La valorisation de la profession enseignante: un faux débat?

Depuis quelques années, certains politiciens et commentateurs de l’actualité n’ont de cesse de réclamer un ordre professionnel afin de revaloriser les enseignants. À force de répéter cette demande, ils ont fini par ancrer dans l’imaginaire collectif l’idée que cette profession aurait besoin d’être rehaussée aux yeux du public.

Or il existe une donnée intéressante et qui demeure largement ignorée quand on aborde cette question : le baromètre des professions de la firme de sondages Léger Marketing. Et que nous apprend celui-ci : au Québec, en 2016, 91 % des individus interrogés faisaient confiance aux enseignants. Ceux-ci occupaient le dixième rang parmi les 54 professions sur lesquelles les Québécois étaient consultés. Selon les années, les enseignants se retrouvent généralement parmi les dix premiers de classe, et pouvaient même occuper la cinquième position en 2011.

En 2016, parmi les neuf professions devançant les enseignants, seules quatre étaient régies par un ordre professionnel (infirmier, médecin spécialiste, médecin de famille, pharmacien). Parmi les 44 récoltant un taux de confiance moins élevé, 15 relevaient d’un ordre professionnel (optométriste, opticien, vétérinaire, architecte, physiothérapeute, notaire, dentiste, travailleurs sociaux, comptable, diététiste, ingénieur, psychologue, chiropraticien, acupuncteur, avocat).

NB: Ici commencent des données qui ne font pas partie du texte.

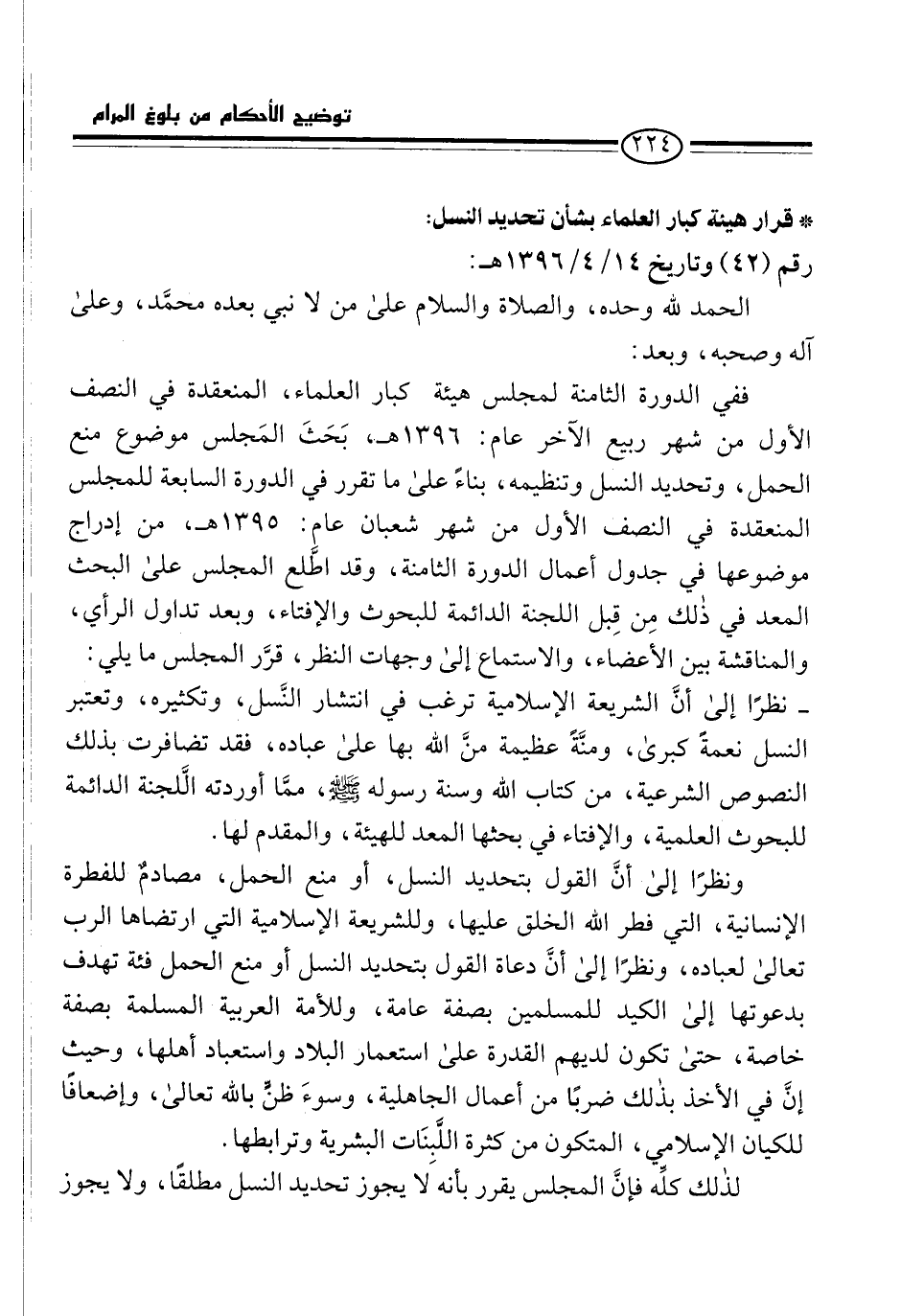 * قرار هيئة كبار العلماء بشأن تحديد النسل: رقم (42) وتاريح 14/ 4/ 1396 هـ:
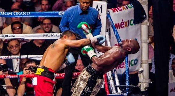 Uncategorized September 14, 2014, 122 CommentsFloyd Mayweather, (47-0, 26 KOs), retained his WBC and WBA welterweight titles, along with his WBC super welterweight title, with an unimpressively dominant decision over Marcos Maidana, (35-5, 31 KOs), that had the 16,144 fans in attendance at the MGM Grand Garden Arena in Las Vegas booing through most of the final round. Scores were 115-112, 116-111, 116-111.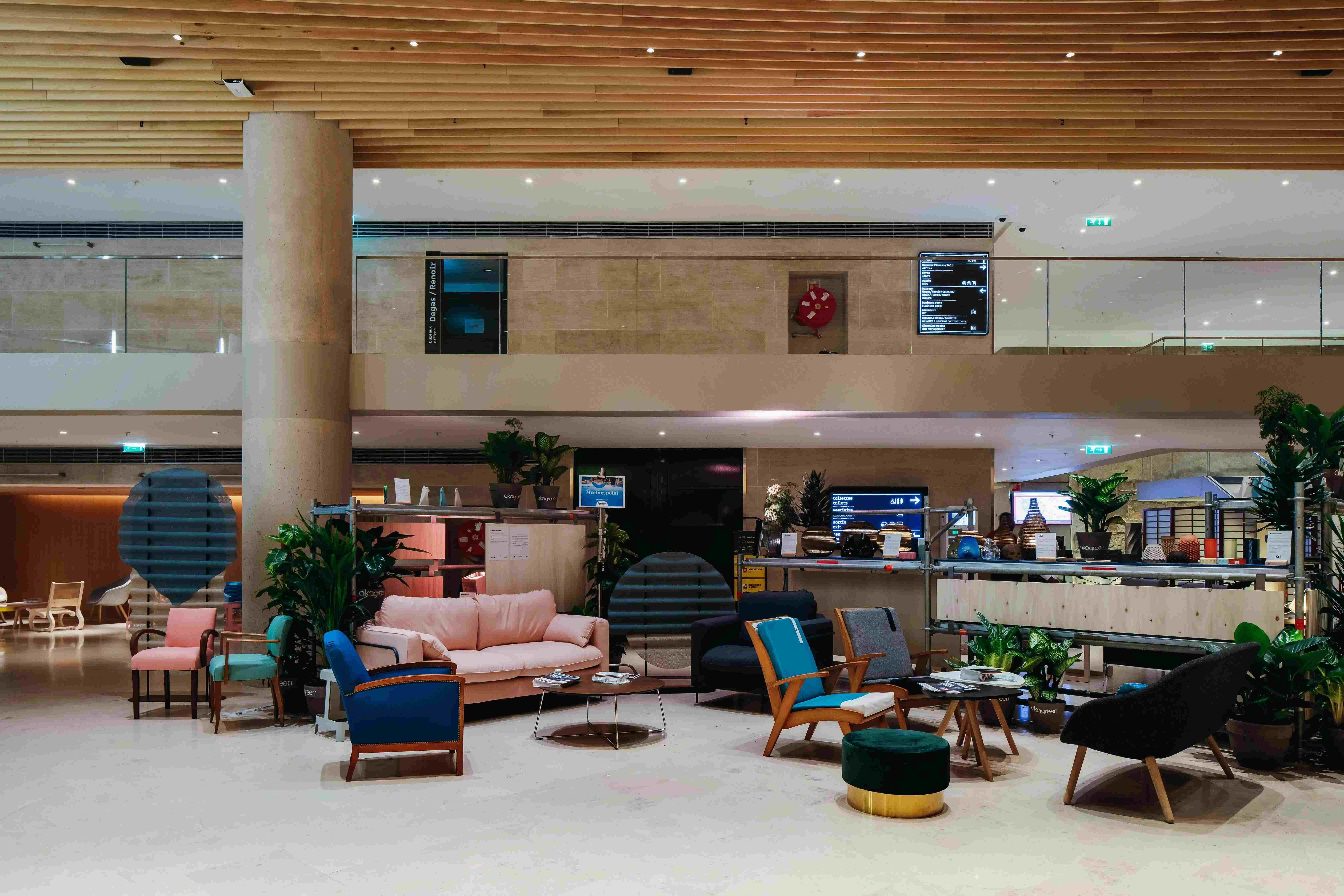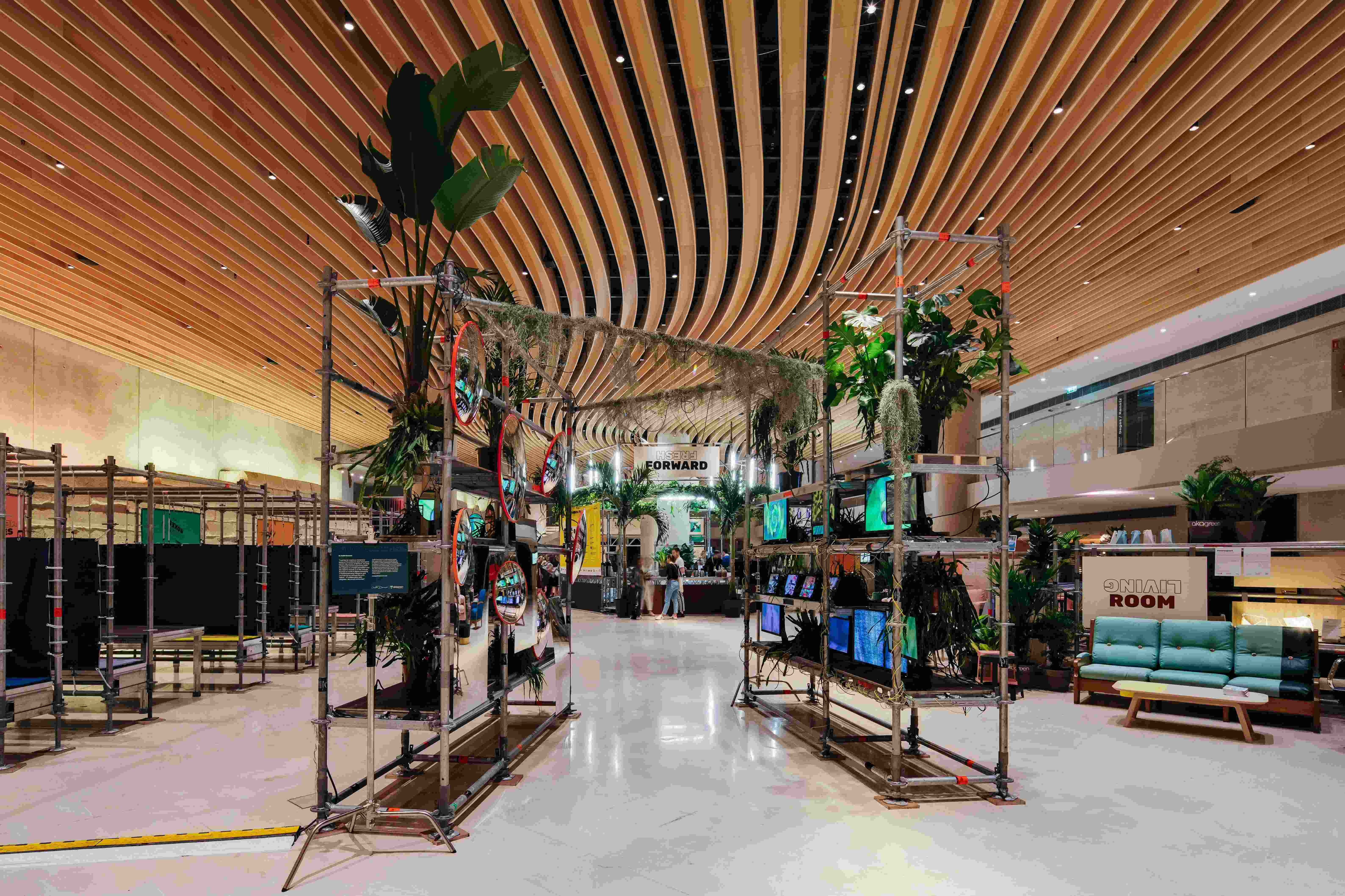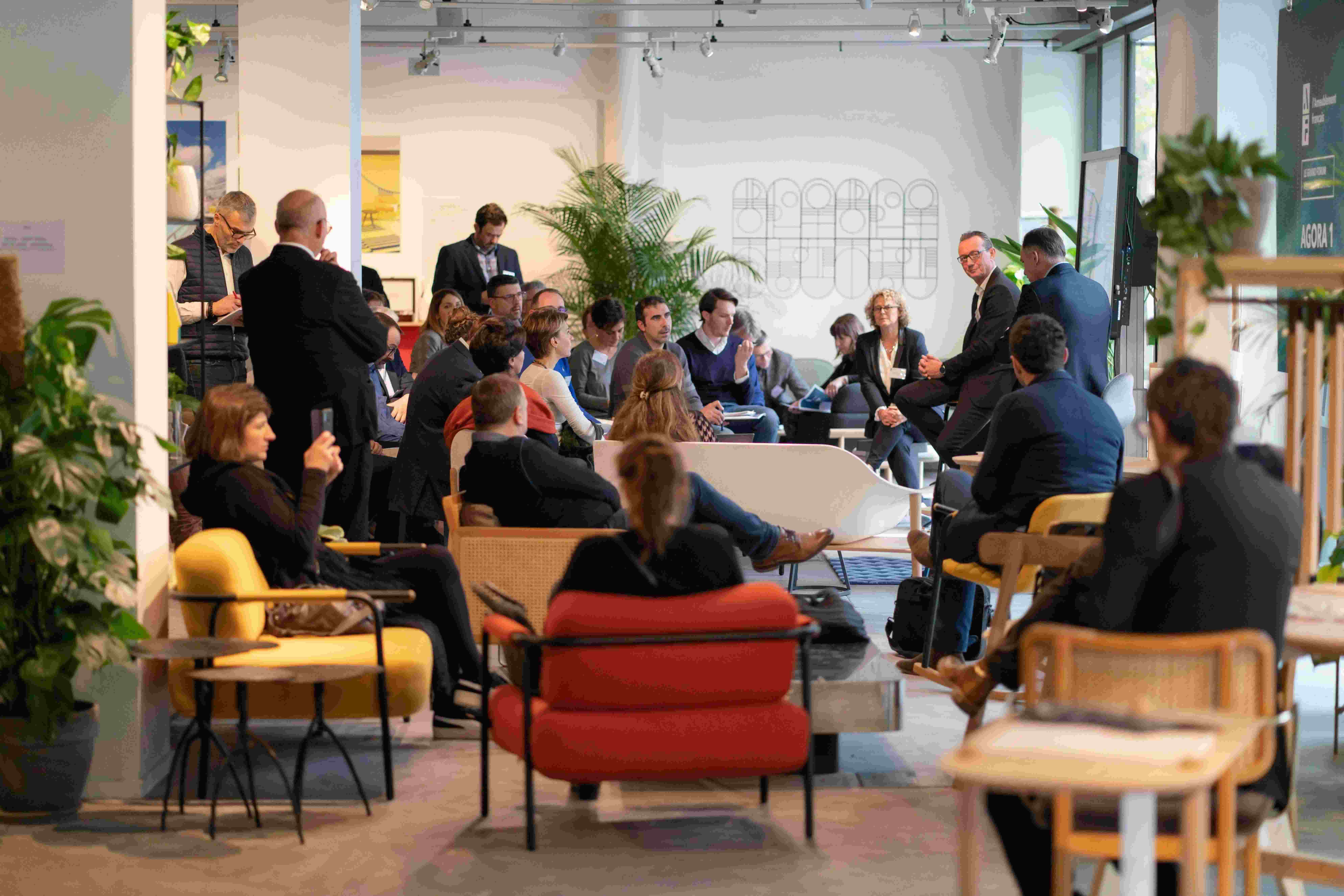 Le mobilier, entièrement sourcé ou fabriqué localement avec nos partenaires artisans, mêle pièces vintage chinées, créations upcyclées et éléments végétaux biophiliques. Chaque zone — espace lounge, scène, espaces de restauration, îlots de networking, comptoirs d'accueil — a été pensée comme un micro-univers cohérent, porteur d'une identité visuelle forte et d'un message clair : le durable c'est désirable.

On constate donc que l’appartenance à un ordre professionnel ne semble pas nécessairement très significative quant à la confiance que les Québécois témoignent à l’égard d’une profession.

Et qui retrouve-t-on à l’avant-dernier rang de ce palmarès ? Vous le devinez sûrement : nos députés et nos ministres.


 
4 commentaires
  • Jean-François Trottier - Abonné 18 août 2017 09 h 06

    Vrai... et surtout faux

    M. Papineau,
    Pourquoi dans ce cas le sentiment général est que les profs sont sous-valorisés ?

    Parce que LE prof que nous rencontrons le plus souvent, le seul avec lequel nous discutons, est celui de nos enfants au primaire. Les autres profs sont en effet bien cotés.

    L'écart est proprement abyssal(?).

    Le prof du primaire n'est pas un prof mais un éducateur.

    L'éducateur n'est PAS un généraliste : il est un spécialiste de tout en même temps : appréhension sociale, comportement, citoyenneté, hygiène, santé, français, mathématiques, géographie, etc.
    En même temps!

    Il est "bien" de dire que les profs du secondaire l'ont difficile, couteaux dans le dos, pneus crevés...

    On dit : les universités pallient aux manques du Cegep, les Cegep à ceux du secondaire, et celui patche pour le primaire. Le primaire reste tout aussi déconsidéré depuis toujours.
    C'est au primaire que l'enfant apprend que "les maths, c'est une suite de formules magiques incompréhensibles" et "le français, c'est snob". Ayoye.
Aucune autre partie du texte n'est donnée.